• **Action item**
Your answer should hold the data exactly as given, minus any picture.

━━━ Available data ━━━

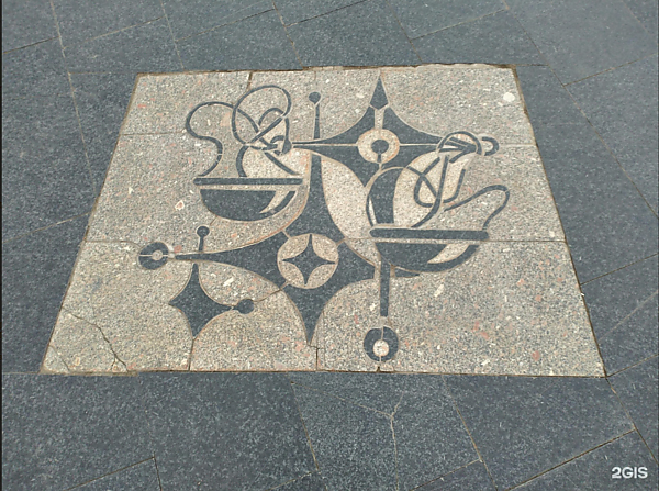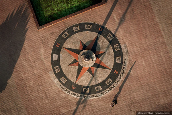 В основании памятного знака разноцветными плитами выложена круговая композиция, состоящая из двух полных кругов и одного полукруга, на котором, обращённом к зданию администрации края, размещена надпись: «Нулевой километр. Начало автодорог Алтайского края». На светлом фоне центрального круга изображена роза ветров, а на тёмном фоне внешнего круга из чёрного габбро находятся мозаичные указатели сторон света, между которыми располагаются двенадцать зодиакальных символов — по три знака в каждой четверти[4][3].
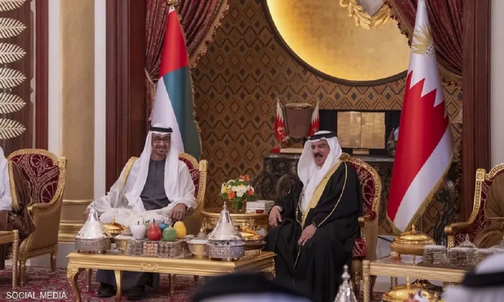 وقال الشيخ محمد بن زايد، على حسابه الرسمي في تويتر: “التقيت أخي جلالة الملك حمد بن عيسى في قصر الصخير في البحرين.. وبحثنا العلاقات الأخوية الراسخة بين بلدينا، ودعم العمل الخليجي المشترك”.
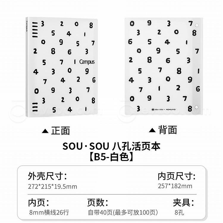 国誉 SOU SOU 紧凑型八孔活页本 (白色) B5/40页 8mm横线 WSG-RU1XP11-2

━━━

• **Exercise response**
 В основании памятного знака разноцветными плитами выложена круговая композиция, состоящая из двух полных кругов и одного полукруга, на котором, обращённом к зданию администрации края, размещена надпись: «Нулевой километр. Начало автодорог Алтайского края». На светлом фоне центрального круга изображена роза ветров, а на тёмном фоне внешнего круга из чёрного габбро находятся мозаичные указатели сторон света, между которыми располагаются двенадцать зодиакальных символов — по три знака в каждой четверти[4][3].
 وقال الشيخ محمد بن زايد، على حسابه الرسمي في تويتر: “التقيت أخي جلالة الملك حمد بن عيسى في قصر الصخير في البحرين.. وبحثنا العلاقات الأخوية الراسخة بين بلدينا، ودعم العمل الخليجي المشترك”.
 国誉 SOU SOU 紧凑型八孔活页本 (白色) B5/40页 8mm横线 WSG-RU1XP11-2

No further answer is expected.